Find the limit in terms of the constant $a$ : $$ \lim_{h \to 0}\frac{\sqrt{7(a+h)}-\sqrt{7a}}{h} $$ I have tried to solve this by multiplying the square roots to both sides but i simply can't solve it and i would appreciate some help and guidance .

Answer 1

Hint: You may always multiply by one or add zero and it will not change anything.
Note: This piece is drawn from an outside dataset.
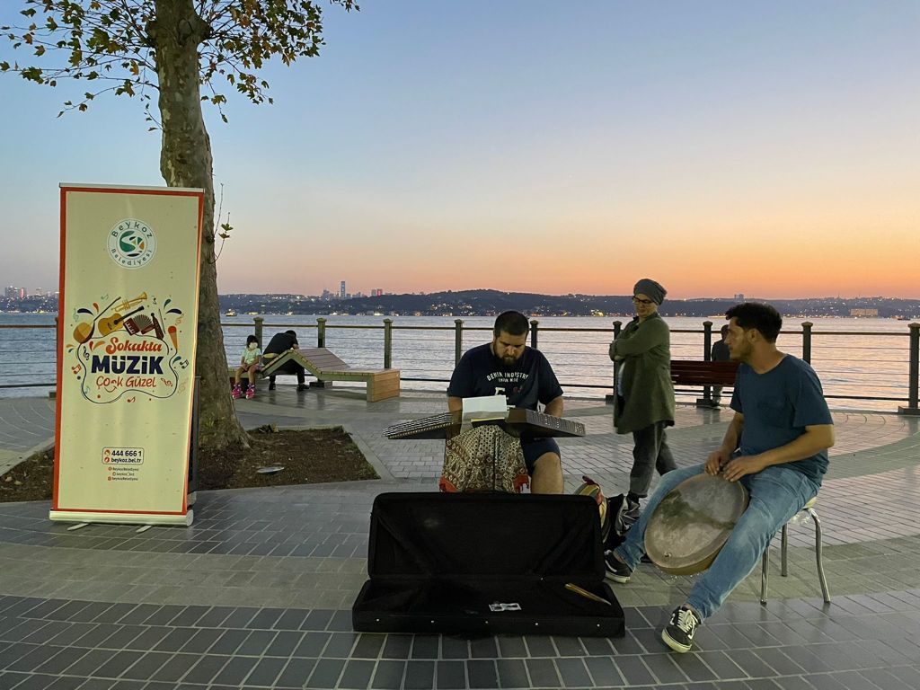 Boğaz kıyısında gezinti yapmak için sahile gelen vatandaşlar, sokak müzisyenlerinin enstrünmanlarından yükselen özgün ve otantik eserleri dinleme fırsatı buldu.
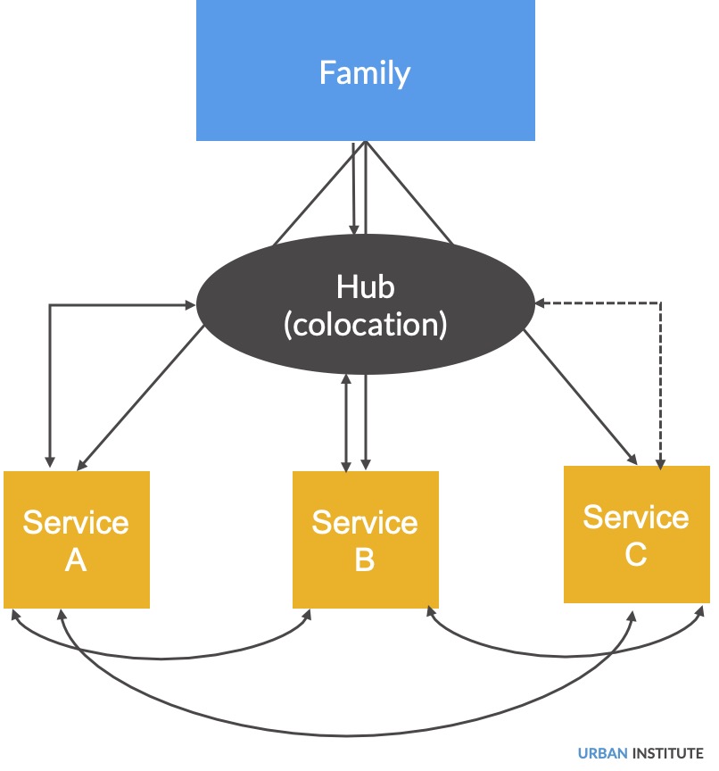 Ideally, Massachusetts families could access connections to services either through a “hub” with co-located services, or by being referred to services through existing providers, called a “no wrong door” approach. The figure below shows an ideal system that includes both a hub and a no-wrong-door approach.

Here, let us multiply by $1$ in the form $$\frac{\sqrt{7(a+h)}+\sqrt{7a}}{\sqrt{7(a+h)}+\sqrt{7a}}$$

What happens?

$$\lim\limits_{h\to 0}\frac{\sqrt{7(a+h)}-\sqrt{7a}}{h}\frac{\sqrt{7(a+h)}+\sqrt{7a}}{\sqrt{7(a+h)}+\sqrt{7a}} = \lim\limits_{h\to 0}\frac{7a+7h-7a}{h\left(\sqrt{7(a+h)}+\sqrt{7a}\right)}=\dots$$

Answer 2

$$\lim _{h\to 0}\left(\frac{\sqrt{7\left(a+h\right)}-\sqrt{7a}}{h}\right)$$ Apply L'Hopital's Rule:

$$\frac{d}{dh}\left(\sqrt{7\left(a+h\right)}-\sqrt{7a}\right)=\frac{\sqrt{7}}{2\sqrt{a+h}}$$

$$\frac{d}{dh}\left(h\right)=1$$

Then $$\lim _{h\to 0}\left(\frac{\frac{\sqrt{7}}{2\sqrt{a+h}}}{1}\right) = \lim _{h\to 0}\left(\frac{\sqrt{7}}{2\sqrt{a+h}}\right)= \frac{\sqrt{7}}{2\sqrt{a}}$$